> **What is being asked**: Please reproduce the data exactly, excluding any pictures it contains.

> **Data provided**:
[Start of Attachment]

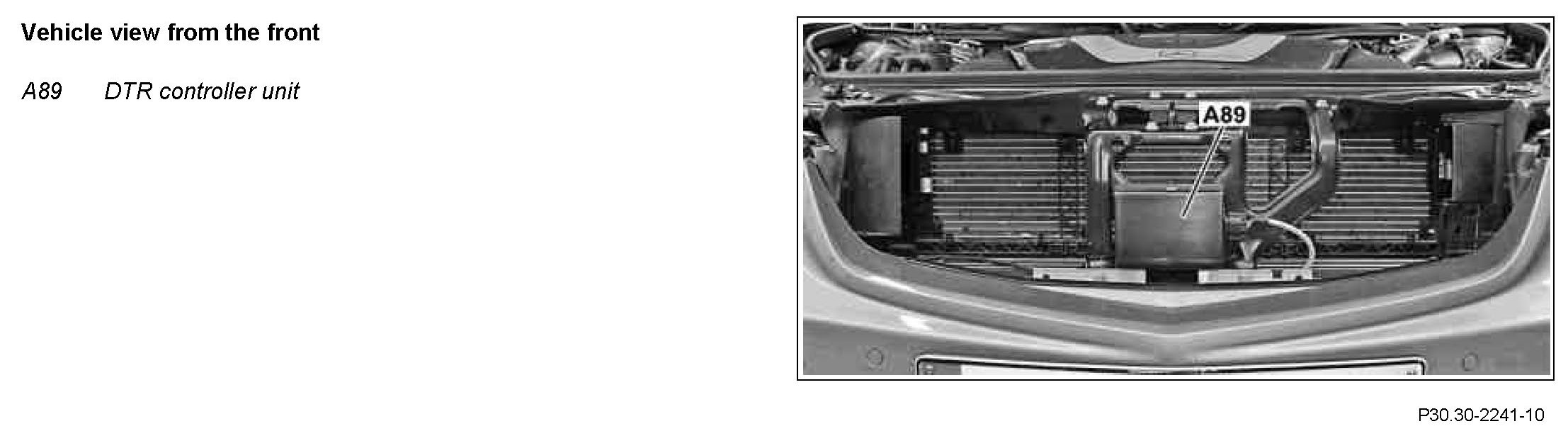 The DTR control unit (A89n1) integrated in the DTR controller unit actuates the DTR radar sensor and evaluates the target data. The DTR controller unit sends the long range radar data over the vehicle dynamics CAN (CAN H) to the radar sensors control unit (for vehicle longitudinal control by the intelligent cruise control Plus Light).
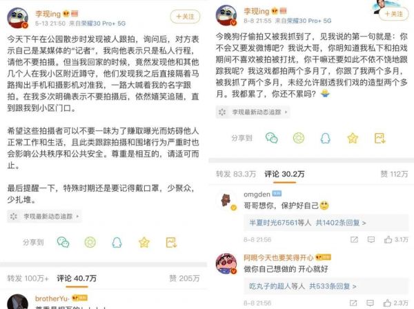 早在2020年5月13号,艺人李现就在微博发声警告代拍不要影响公共安全和他人生活,相隔2个月后,又再次针对代拍行为发声警告。
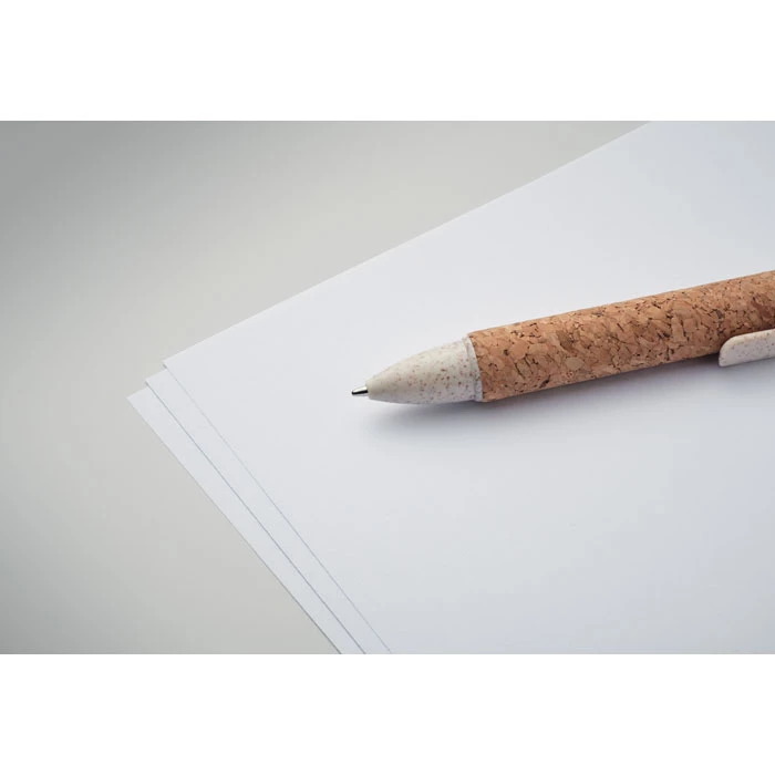Długopis z 4 kolorowymi wkładami, korkowym korpusem i końcówkami ze słomy pszenicznej (50%) i plastiku ABS (50%).
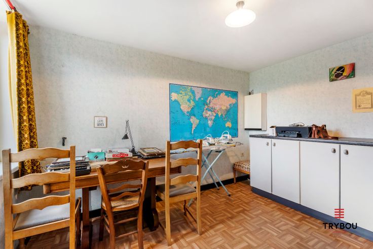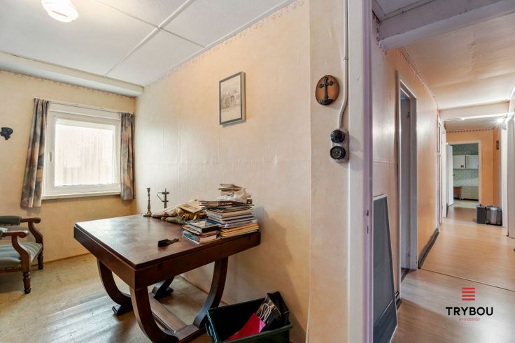 Uitstekend gelegen, goed onderhouden woning met grote, zonnige tuin. De woning bestaat uit: Gelijkvloers: Inkomhal - bureau/slaapkamer - deur naar kelder- eetkamer- aparte woonkamer- ingerichte keuken - berging- geïnstalleerde badkamer - grote tuin met twee tuinbergingen en toegang tot de garage. Verdieping: Vaulte - gang - 6 slaapkamers - apart toilet in waskamer met lavabomeubel. Interesse in dit pand? Contacteer Thijs of Celine 051/57.54.61 thijs@grouptrybou.be celine@grouptrybou.be

[End of Attachment]

> **Response for this exercise**:
 The DTR control unit (A89n1) integrated in the DTR controller unit actuates the DTR radar sensor and evaluates the target data. The DTR controller unit sends the long range radar data over the vehicle dynamics CAN (CAN H) to the radar sensors control unit (for vehicle longitudinal control by the intelligent cruise control Plus Light).
 早在2020年5月13号,艺人李现就在微博发声警告代拍不要影响公共安全和他人生活,相隔2个月后,又再次针对代拍行为发声警告。
Długopis z 4 kolorowymi wkładami, korkowym korpusem i końcówkami ze słomy pszenicznej (50%) i plastiku ABS (50%).
 Uitstekend gelegen, goed onderhouden woning met grote, zonnige tuin. De woning bestaat uit: Gelijkvloers: Inkomhal - bureau/slaapkamer - deur naar kelder- eetkamer- aparte woonkamer- ingerichte keuken - berging- geïnstalleerde badkamer - grote tuin met twee tuinbergingen en toegang tot de garage. Verdieping: Vaulte - gang - 6 slaapkamers - apart toilet in waskamer met lavabomeubel. Interesse in dit pand? Contacteer Thijs of Celine 051/57.54.61 thijs@grouptrybou.be celine@grouptrybou.be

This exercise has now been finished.